◆ **Data excerpts**:
________________

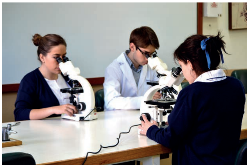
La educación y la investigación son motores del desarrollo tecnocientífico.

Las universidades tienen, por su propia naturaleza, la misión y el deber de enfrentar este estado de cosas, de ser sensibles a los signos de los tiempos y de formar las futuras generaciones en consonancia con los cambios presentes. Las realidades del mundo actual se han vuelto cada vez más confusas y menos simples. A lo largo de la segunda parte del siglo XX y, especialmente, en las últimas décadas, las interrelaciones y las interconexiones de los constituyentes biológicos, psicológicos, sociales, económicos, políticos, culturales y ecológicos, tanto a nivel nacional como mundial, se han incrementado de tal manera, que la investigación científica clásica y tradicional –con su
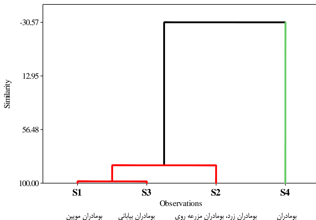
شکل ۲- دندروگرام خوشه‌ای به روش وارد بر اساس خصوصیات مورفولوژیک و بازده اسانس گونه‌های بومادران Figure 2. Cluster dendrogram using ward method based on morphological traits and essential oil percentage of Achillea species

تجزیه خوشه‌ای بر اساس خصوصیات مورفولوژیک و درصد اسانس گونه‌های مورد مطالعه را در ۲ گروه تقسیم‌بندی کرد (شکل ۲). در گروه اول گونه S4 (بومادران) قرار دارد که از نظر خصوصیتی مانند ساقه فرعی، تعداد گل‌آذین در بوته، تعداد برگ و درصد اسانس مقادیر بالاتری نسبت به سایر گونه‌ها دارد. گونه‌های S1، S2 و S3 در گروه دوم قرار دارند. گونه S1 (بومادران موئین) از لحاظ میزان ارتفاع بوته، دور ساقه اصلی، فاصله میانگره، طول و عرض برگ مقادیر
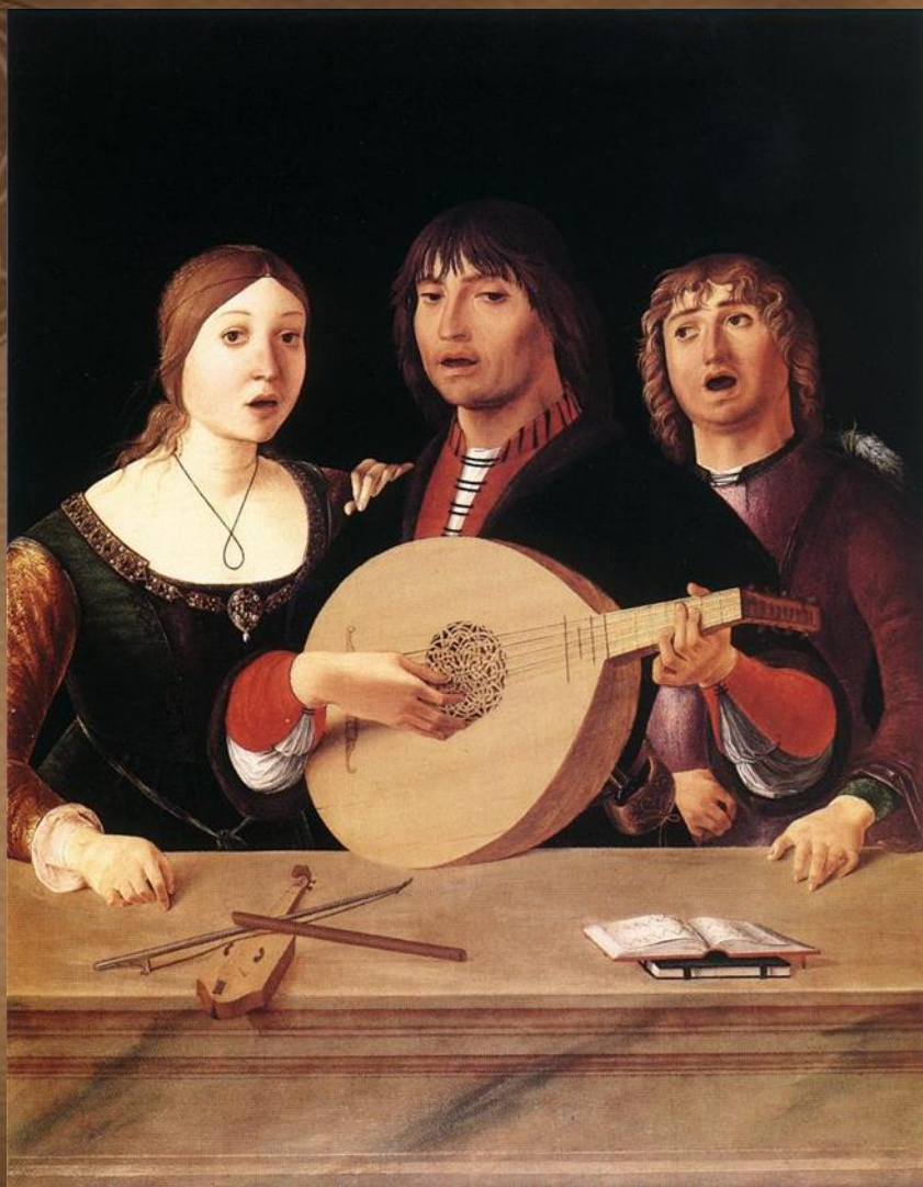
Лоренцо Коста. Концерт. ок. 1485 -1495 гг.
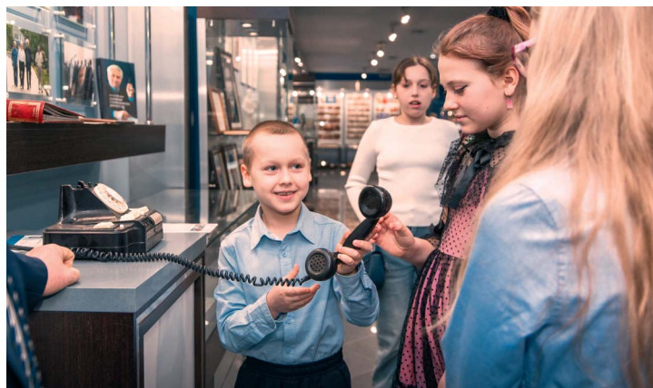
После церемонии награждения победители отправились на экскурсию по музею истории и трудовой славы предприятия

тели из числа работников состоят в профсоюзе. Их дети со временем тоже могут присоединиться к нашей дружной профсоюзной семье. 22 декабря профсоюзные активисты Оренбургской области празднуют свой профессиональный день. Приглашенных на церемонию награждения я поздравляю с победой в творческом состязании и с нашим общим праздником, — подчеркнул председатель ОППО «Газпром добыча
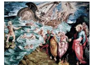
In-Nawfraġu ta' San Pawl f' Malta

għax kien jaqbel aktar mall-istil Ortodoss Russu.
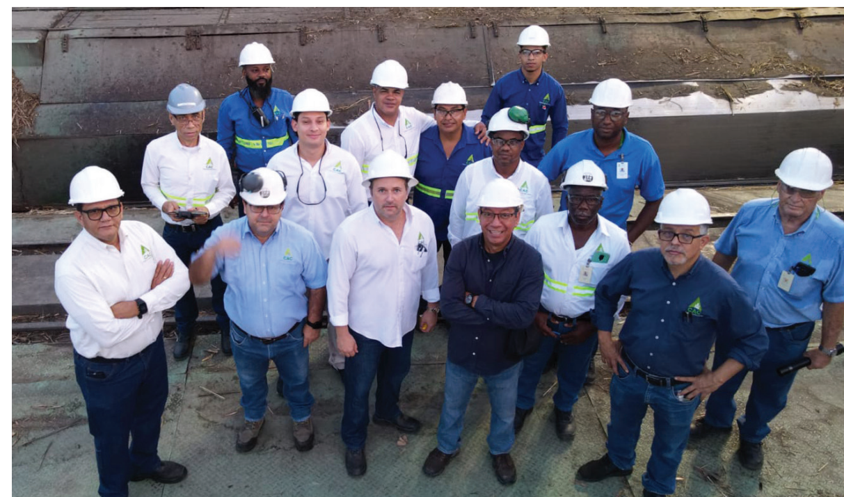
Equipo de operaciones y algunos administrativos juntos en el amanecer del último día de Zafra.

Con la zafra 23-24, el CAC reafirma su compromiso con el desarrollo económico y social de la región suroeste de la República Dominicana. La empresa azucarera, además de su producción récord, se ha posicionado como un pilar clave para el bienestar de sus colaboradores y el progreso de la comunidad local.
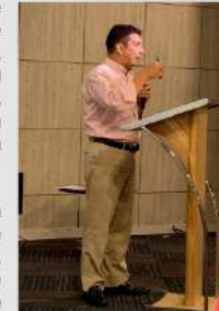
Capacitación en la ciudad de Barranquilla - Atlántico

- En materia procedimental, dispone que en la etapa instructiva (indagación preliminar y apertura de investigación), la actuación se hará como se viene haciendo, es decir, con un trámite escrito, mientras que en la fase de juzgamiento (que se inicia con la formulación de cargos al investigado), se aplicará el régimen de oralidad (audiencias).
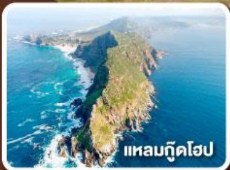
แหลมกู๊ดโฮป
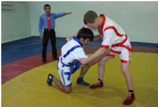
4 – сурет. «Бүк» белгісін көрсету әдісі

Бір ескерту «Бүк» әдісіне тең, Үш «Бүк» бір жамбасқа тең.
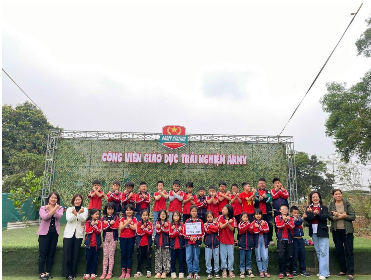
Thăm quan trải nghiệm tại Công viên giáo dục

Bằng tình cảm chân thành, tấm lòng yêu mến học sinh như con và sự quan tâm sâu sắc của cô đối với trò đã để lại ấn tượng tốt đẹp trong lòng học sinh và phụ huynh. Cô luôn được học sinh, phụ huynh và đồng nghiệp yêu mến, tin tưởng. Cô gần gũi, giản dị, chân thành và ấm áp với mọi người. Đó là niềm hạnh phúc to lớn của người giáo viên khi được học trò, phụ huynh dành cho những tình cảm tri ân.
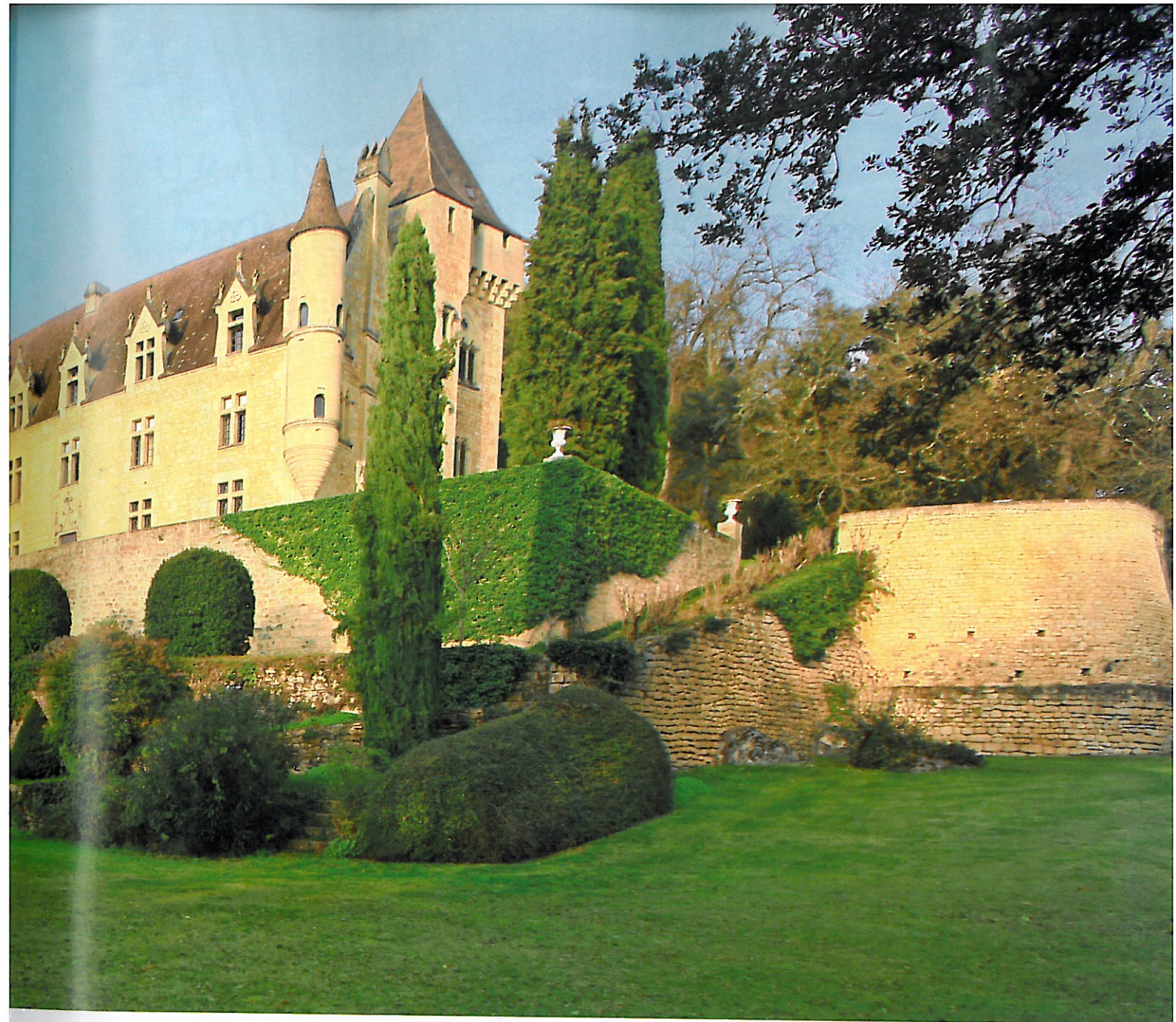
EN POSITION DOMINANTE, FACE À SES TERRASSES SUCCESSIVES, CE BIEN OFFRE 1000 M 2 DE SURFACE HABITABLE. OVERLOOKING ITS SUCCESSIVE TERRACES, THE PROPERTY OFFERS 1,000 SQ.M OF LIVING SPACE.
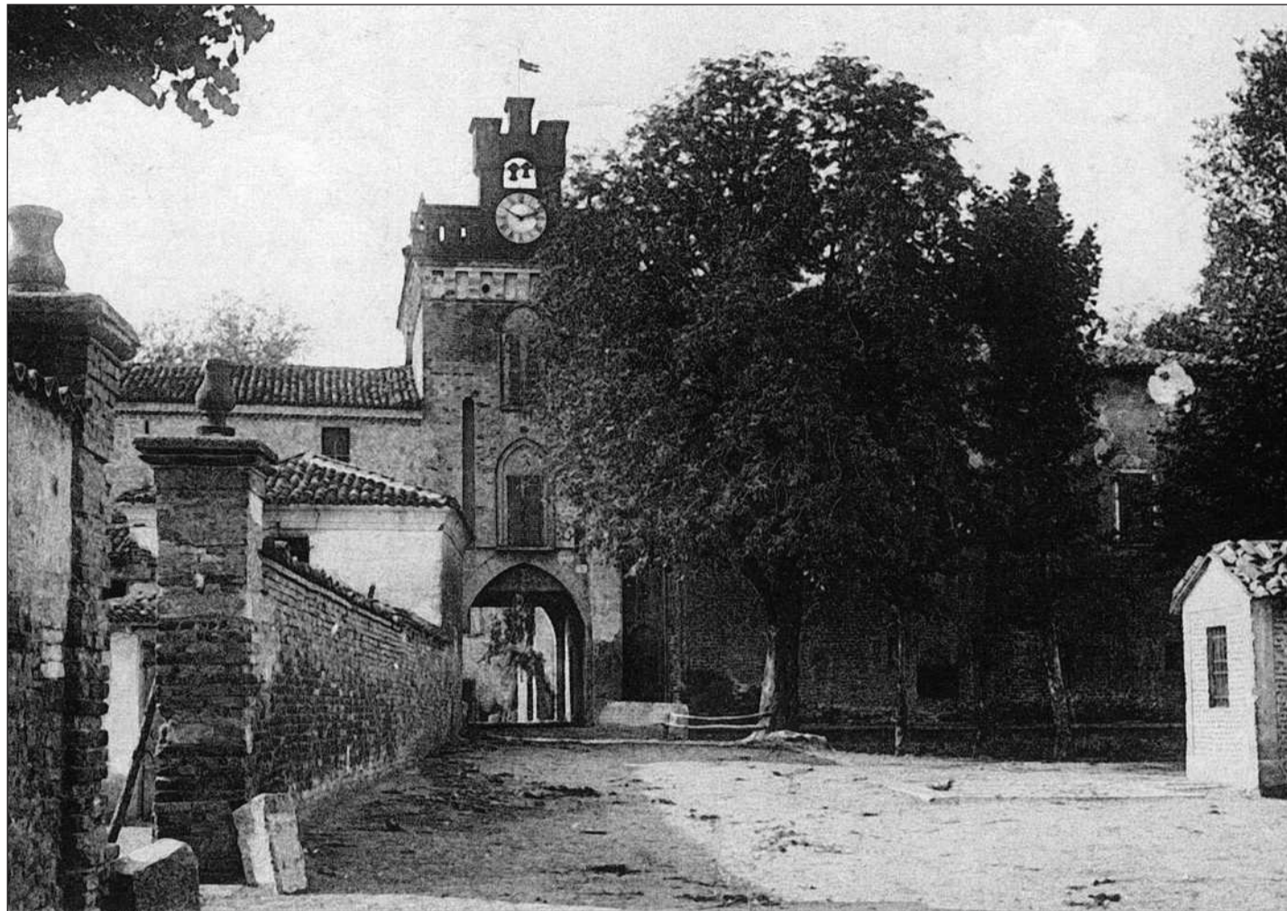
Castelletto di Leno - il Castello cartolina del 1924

________________

◆ **Work instruction**:
Repeat, word for word, each of the records, omitting any image they hold.

◆ **Answer below**:
La educación y la investigación son motores del desarrollo tecnocientífico.

Las universidades tienen, por su propia naturaleza, la misión y el deber de enfrentar este estado de cosas, de ser sensibles a los signos de los tiempos y de formar las futuras generaciones en consonancia con los cambios presentes. Las realidades del mundo actual se han vuelto cada vez más confusas y menos simples. A lo largo de la segunda parte del siglo XX y, especialmente, en las últimas décadas, las interrelaciones y las interconexiones de los constituyentes biológicos, psicológicos, sociales, económicos, políticos, culturales y ecológicos, tanto a nivel nacional como mundial, se han incrementado de tal manera, que la investigación científica clásica y tradicional –con su
شکل ۲- دندروگرام خوشه‌ای به روش وارد بر اساس خصوصیات مورفولوژیک و بازده اسانس گونه‌های بومادران Figure 2. Cluster dendrogram using ward method based on morphological traits and essential oil percentage of Achillea species

تجزیه خوشه‌ای بر اساس خصوصیات مورفولوژیک و درصد اسانس گونه‌های مورد مطالعه را در ۲ گروه تقسیم‌بندی کرد (شکل ۲). در گروه اول گونه S4 (بومادران) قرار دارد که از نظر خصوصیتی مانند ساقه فرعی، تعداد گل‌آذین در بوته، تعداد برگ و درصد اسانس مقادیر بالاتری نسبت به سایر گونه‌ها دارد. گونه‌های S1، S2 و S3 در گروه دوم قرار دارند. گونه S1 (بومادران موئین) از لحاظ میزان ارتفاع بوته، دور ساقه اصلی، فاصله میانگره، طول و عرض برگ مقادیر
Лоренцо Коста. Концерт. ок. 1485 -1495 гг.
После церемонии награждения победители отправились на экскурсию по музею истории и трудовой славы предприятия

тели из числа работников состоят в профсоюзе. Их дети со временем тоже могут присоединиться к нашей дружной профсоюзной семье. 22 декабря профсоюзные активисты Оренбургской области празднуют свой профессиональный день. Приглашенных на церемонию награждения я поздравляю с победой в творческом состязании и с нашим общим праздником, — подчеркнул председатель ОППО «Газпром добыча
In-Nawfraġu ta' San Pawl f' Malta

għax kien jaqbel aktar mall-istil Ortodoss Russu.
Equipo de operaciones y algunos administrativos juntos en el amanecer del último día de Zafra.

Con la zafra 23-24, el CAC reafirma su compromiso con el desarrollo económico y social de la región suroeste de la República Dominicana. La empresa azucarera, además de su producción récord, se ha posicionado como un pilar clave para el bienestar de sus colaboradores y el progreso de la comunidad local.
Capacitación en la ciudad de Barranquilla - Atlántico

- En materia procedimental, dispone que en la etapa instructiva (indagación preliminar y apertura de investigación), la actuación se hará como se viene haciendo, es decir, con un trámite escrito, mientras que en la fase de juzgamiento (que se inicia con la formulación de cargos al investigado), se aplicará el régimen de oralidad (audiencias).
แหลมกู๊ดโฮป
4 – сурет. «Бүк» белгісін көрсету әдісі

Бір ескерту «Бүк» әдісіне тең, Үш «Бүк» бір жамбасқа тең.
Thăm quan trải nghiệm tại Công viên giáo dục

Bằng tình cảm chân thành, tấm lòng yêu mến học sinh như con và sự quan tâm sâu sắc của cô đối với trò đã để lại ấn tượng tốt đẹp trong lòng học sinh và phụ huynh. Cô luôn được học sinh, phụ huynh và đồng nghiệp yêu mến, tin tưởng. Cô gần gũi, giản dị, chân thành và ấm áp với mọi người. Đó là niềm hạnh phúc to lớn của người giáo viên khi được học trò, phụ huynh dành cho những tình cảm tri ân.
EN POSITION DOMINANTE, FACE À SES TERRASSES SUCCESSIVES, CE BIEN OFFRE 1000 M 2 DE SURFACE HABITABLE. OVERLOOKING ITS SUCCESSIVE TERRACES, THE PROPERTY OFFERS 1,000 SQ.M OF LIVING SPACE.
Castelletto di Leno - il Castello cartolina del 1924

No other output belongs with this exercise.